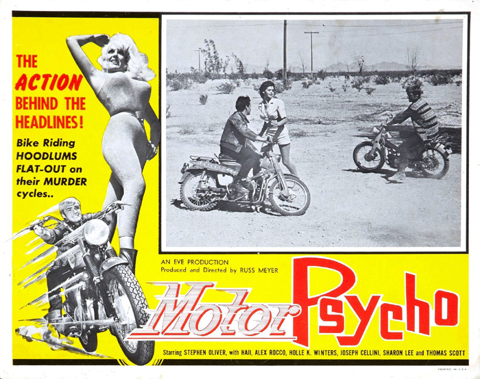 W przeciwieństwie do wielu innych drive-inowych fantazji Motorpsycho! jest dokładnie tym, czego oczekują koneserzy klasycznej eksploatacji! Kultowy obraz Russa Meyera zabiera was na piekielną przejażdżkę z przystojnym weterynarzem-mścicielem, trzema motocyklistami-sadystami oraz pięknymi kobietami o wielkich piersiach i długich nogach.
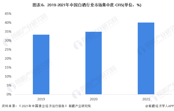 根据《2021年中国酒业经济运行报告》中的数据显示,2021年白酒头部企业表现较好。CR5销售收入占全行业年度销售收入比重达40%。这一指标在2019年为33.2%,2020年为34.9%。白酒市场销售在继续向头部企业集中。
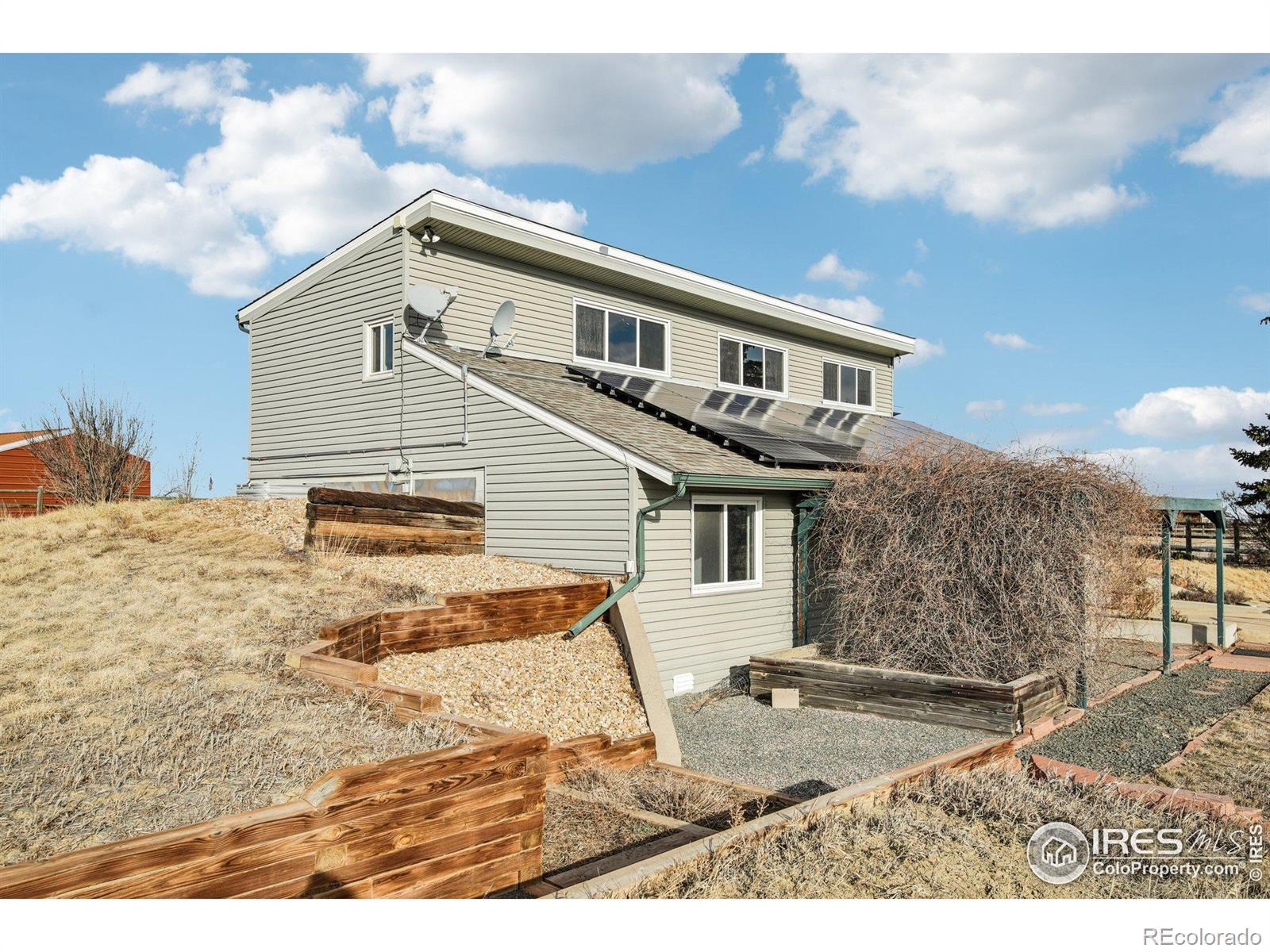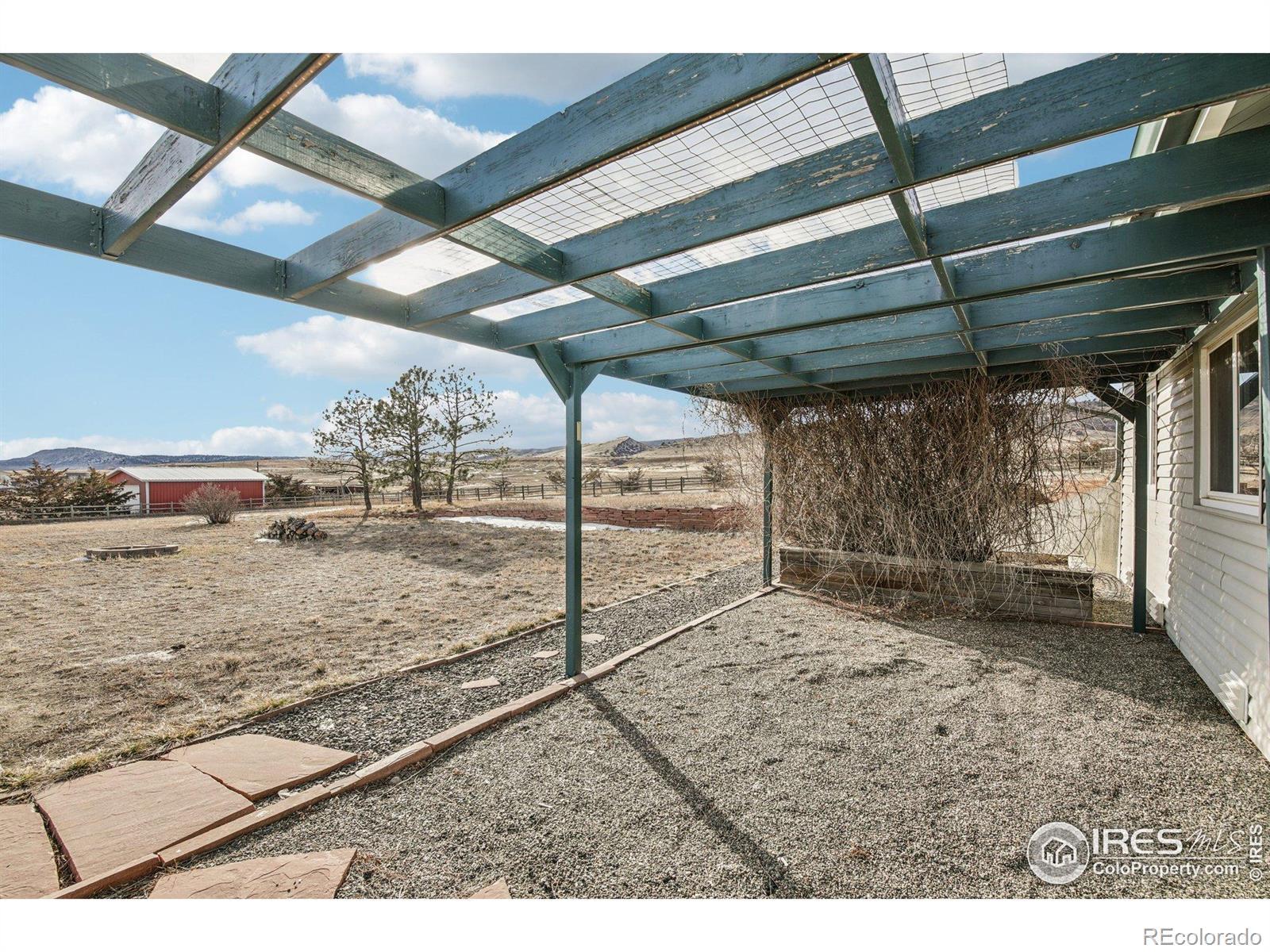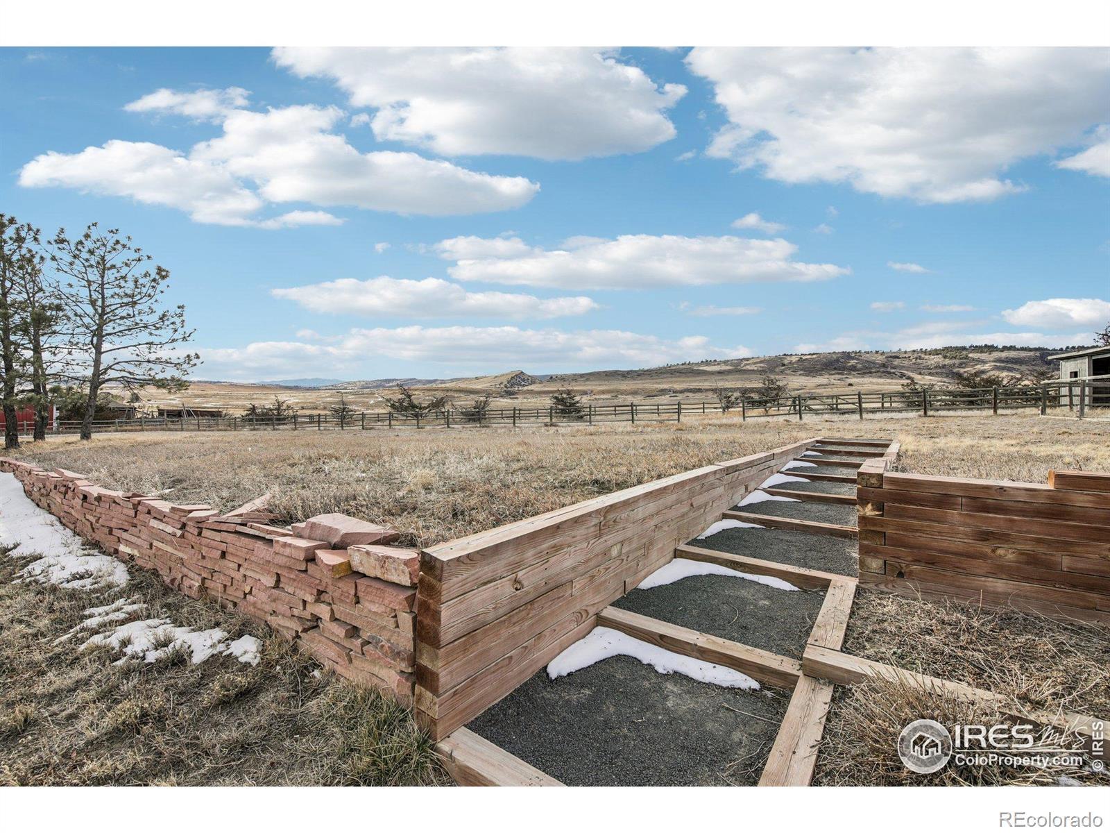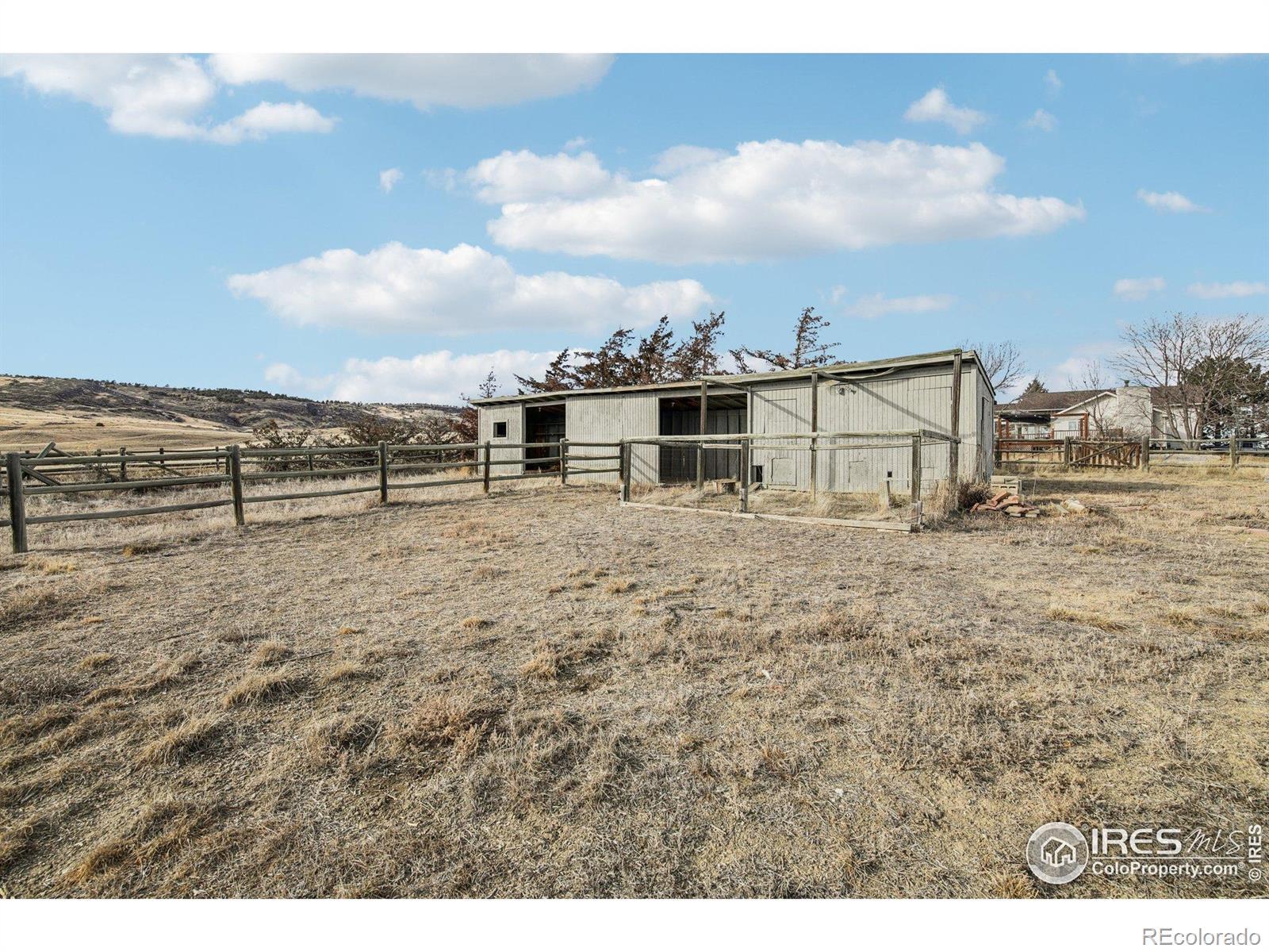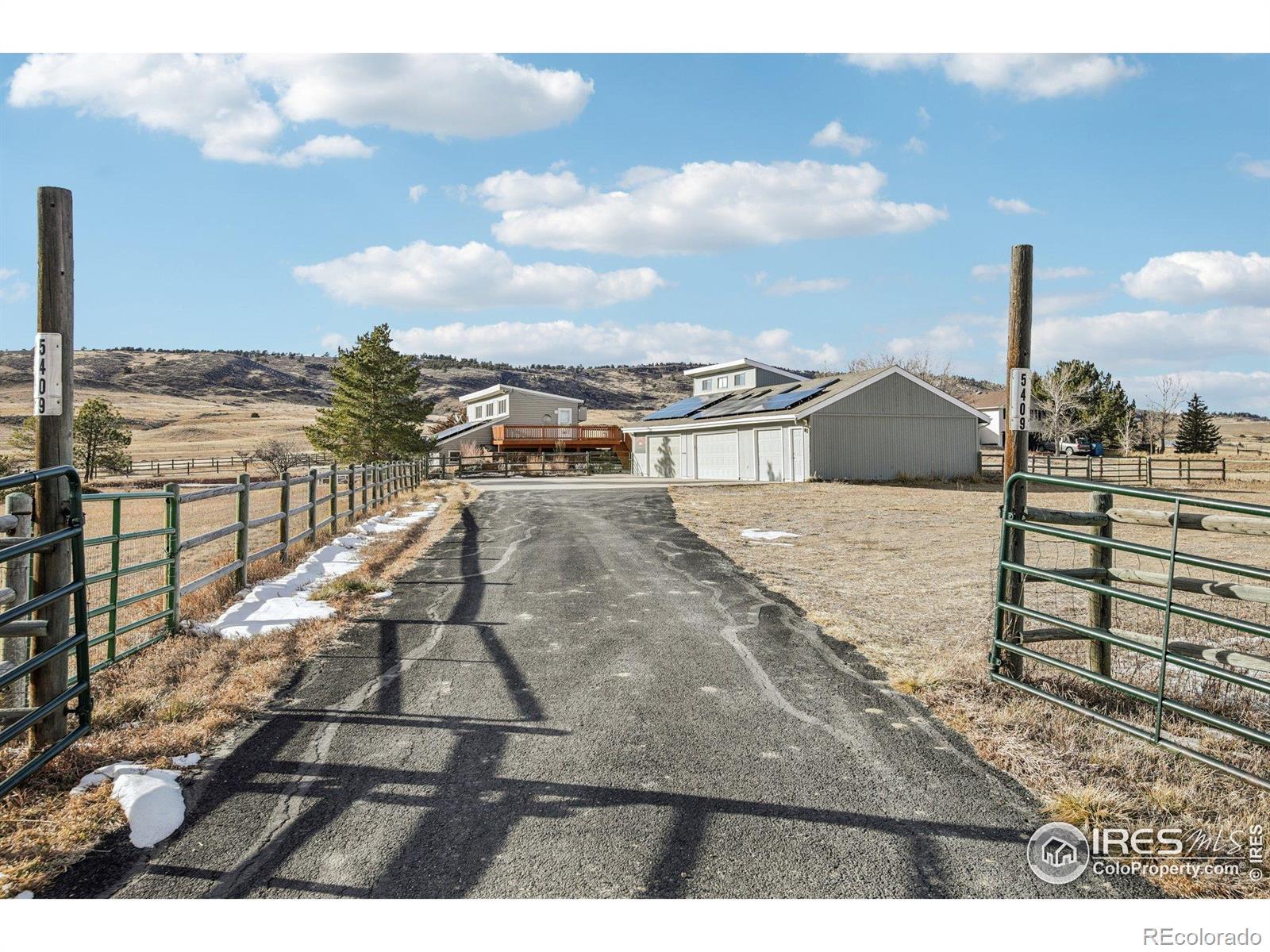 Rare Foothills Horse Property on 2.3 Acres with Access to 50 Acres of Trails and Ultra-Efficient Berm Home.Outstanding 2.3-acre horse property offering direct access to 50 acres of HOA-permitted use to open space with established horse and hiking trails. Step out the back gate and ride, walk, or explore for miles while enjoying protected views, abundant wildlife, and a setting that delivers privacy and long-term value. This fully fenced acreage is great for many horses, fowl, or other 4-H projects.The OVERSIZED 5 car garage will fit all your hobbies and toys. The finished bonus room above, the garage could serve as an ADU, home office, hobby space, or flexible living area.Of exceptional importance is the home itself, which is a berm-style, energy-efficient residence with owned solar and an electric vehicle charger. Designed for thermal efficiency and low operating costs, the property offers average monthly utility costs of approximately $60, including charging an electric vehicle (buyer to verify). This rare level of efficiency provides long-term cost benefits and stability.The home features a practical, accessible layout with excellent natural light and easy flow between indoor and outdoor spaces. The property is wheelchair and stroller accessible and includes an accessible bathroom designed to accommodate mobility needs, supporting ease of use throughout the home.Located in a quiet foothills area just 10 minutes south of Carter Lake, the property balances rural tranquility with convenient access to outdoor recreation and the surrounding amenities like the public TCP Golf Course and the central location to Denver, Estes Park, and Boulder.Horse properties that combine usable acreage, trail access, exceptional energy efficiency, and accessibility features are increasingly scarce. Bring your horses, animals, and vision-this opportunity will not last.

*****

**Exercise aim**
Could you give all of the data again exactly as written, omitting any pictures?

**Worked solution**
 W przeciwieństwie do wielu innych drive-inowych fantazji Motorpsycho! jest dokładnie tym, czego oczekują koneserzy klasycznej eksploatacji! Kultowy obraz Russa Meyera zabiera was na piekielną przejażdżkę z przystojnym weterynarzem-mścicielem, trzema motocyklistami-sadystami oraz pięknymi kobietami o wielkich piersiach i długich nogach.
 根据《2021年中国酒业经济运行报告》中的数据显示,2021年白酒头部企业表现较好。CR5销售收入占全行业年度销售收入比重达40%。这一指标在2019年为33.2%,2020年为34.9%。白酒市场销售在继续向头部企业集中。
 Rare Foothills Horse Property on 2.3 Acres with Access to 50 Acres of Trails and Ultra-Efficient Berm Home.Outstanding 2.3-acre horse property offering direct access to 50 acres of HOA-permitted use to open space with established horse and hiking trails. Step out the back gate and ride, walk, or explore for miles while enjoying protected views, abundant wildlife, and a setting that delivers privacy and long-term value. This fully fenced acreage is great for many horses, fowl, or other 4-H projects.The OVERSIZED 5 car garage will fit all your hobbies and toys. The finished bonus room above, the garage could serve as an ADU, home office, hobby space, or flexible living area.Of exceptional importance is the home itself, which is a berm-style, energy-efficient residence with owned solar and an electric vehicle charger. Designed for thermal efficiency and low operating costs, the property offers average monthly utility costs of approximately $60, including charging an electric vehicle (buyer to verify). This rare level of efficiency provides long-term cost benefits and stability.The home features a practical, accessible layout with excellent natural light and easy flow between indoor and outdoor spaces. The property is wheelchair and stroller accessible and includes an accessible bathroom designed to accommodate mobility needs, supporting ease of use throughout the home.Located in a quiet foothills area just 10 minutes south of Carter Lake, the property balances rural tranquility with convenient access to outdoor recreation and the surrounding amenities like the public TCP Golf Course and the central location to Denver, Estes Park, and Boulder.Horse properties that combine usable acreage, trail access, exceptional energy efficiency, and accessibility features are increasingly scarce. Bring your horses, animals, and vision-this opportunity will not last.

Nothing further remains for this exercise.